We can't be friends with everybody. That would dilute the meaning of friendships. But we should be open to friendships that develop. Maybe we should even seek them out as the ultimate way to change the world.
One of the core values of Same Kind of Different as Me by Ron Hall and Denver Moore that a book group discovered was the authentic friendship that developed between the upper middle class do-gooder and the homeless artist that he unwittingly befriended. But in all the discussion that ensued about how we can take part in the life changing work that makes the book so compelling, no one touched on befriending a homeless person as a way to go.
We have mentor programs and big brother and big sister programs, but not friend programs. Because I guess it doesn't work that way. I even tried to develop a frientor program one time: no takers.

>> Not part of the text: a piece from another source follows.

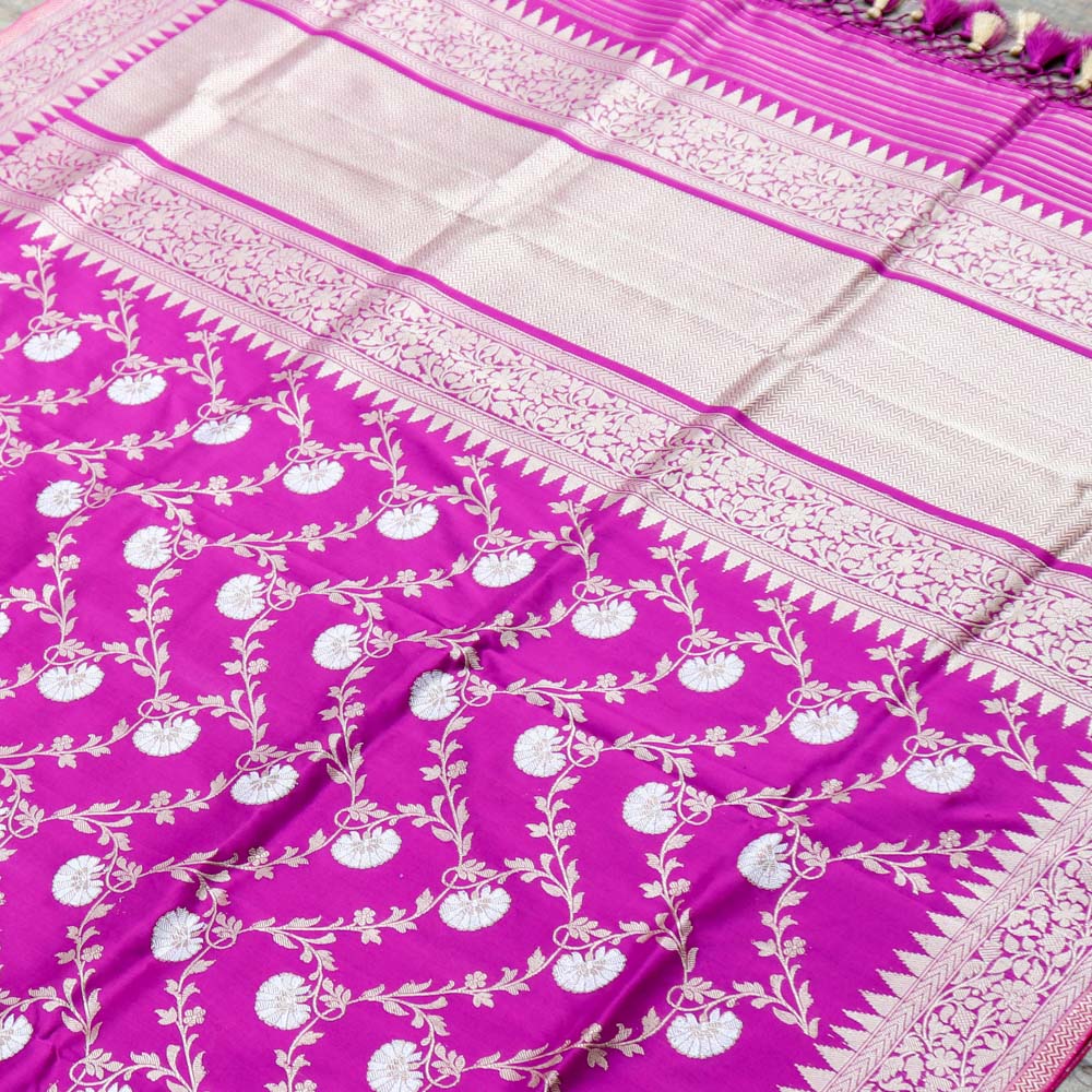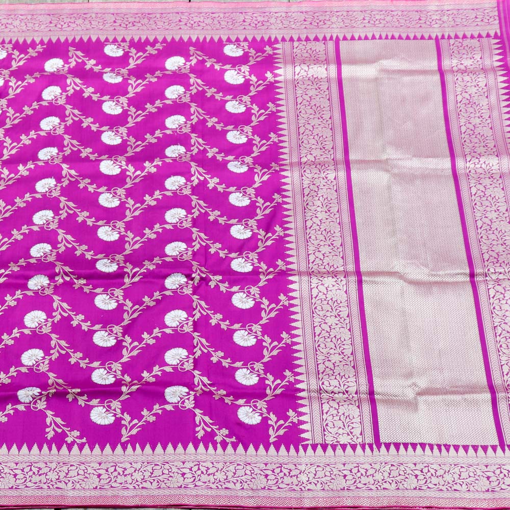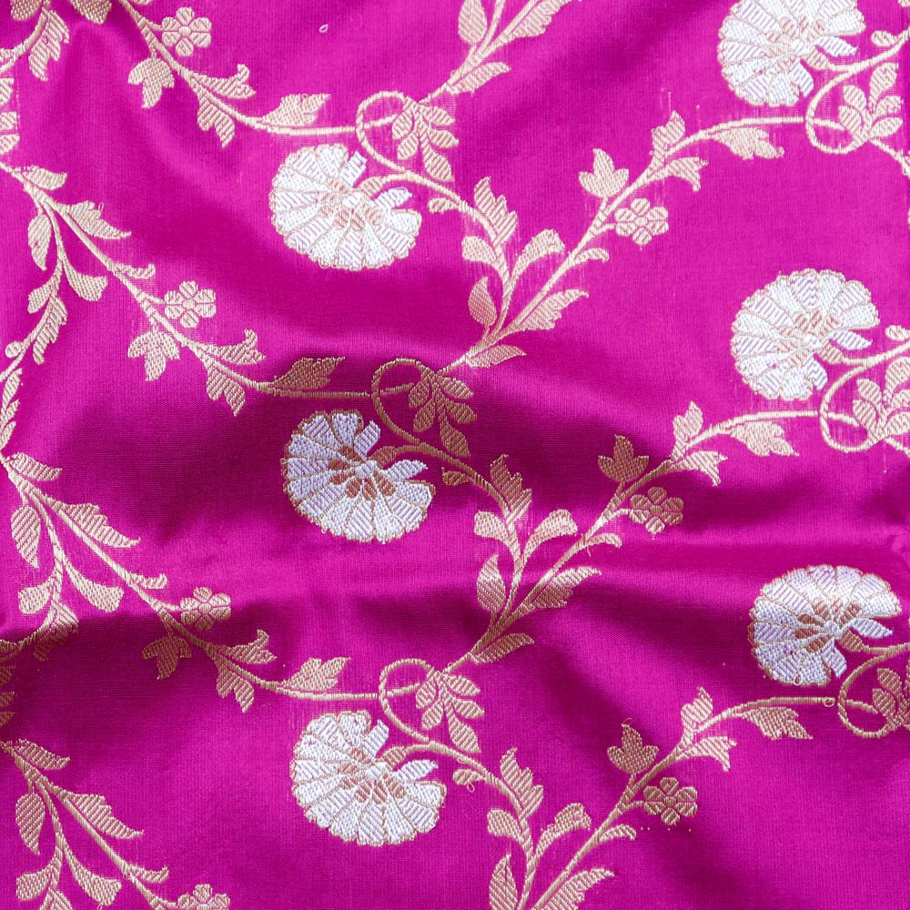 Speciality - Luxury is in the details of this handwoven masterpiece with a rich and intricate kadhua floral jaal in roopa sona zari. Breathtaking Banarasi opulence!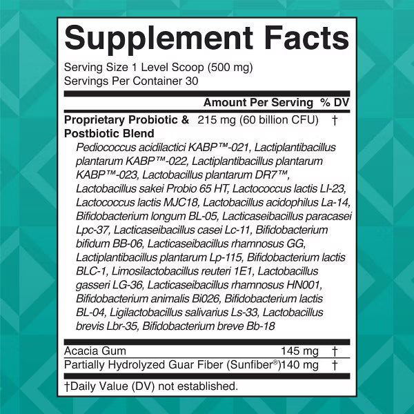 Daily 3-in-1 es un suplemento digestivo avanzado con una mezcla sinérgica de probióticos, prebióticos y postbióticos. Cada porción entrega 60 mil millones de UFC de 23 cepas distintas para apoyar el equilibrio intestinal y la salud digestiva diaria.

But we can't stick our stake in the ground and proclaim that "we aren't here to make friends" either.
I went on a college visit last week and was fortunate enough for my daughter to spend some time with some friends at the school we were visiting. They became friends because they were in her youth group and because I had been on mission trips with them and because my wife has become great friends with one of the girl's mother.
All because of the church.
As one church pulled up to unload all of it's stuff at the community outreach program, a couple of friends from another church pulled up and picked up their friend to go and do a project in a community garden.
Programs and friends doing stuff together. Two different ways to go. Which one has the best chance to make a difference? Which one do we focus on more?
We're here to make friends. Me with you. You with each other. And them with us.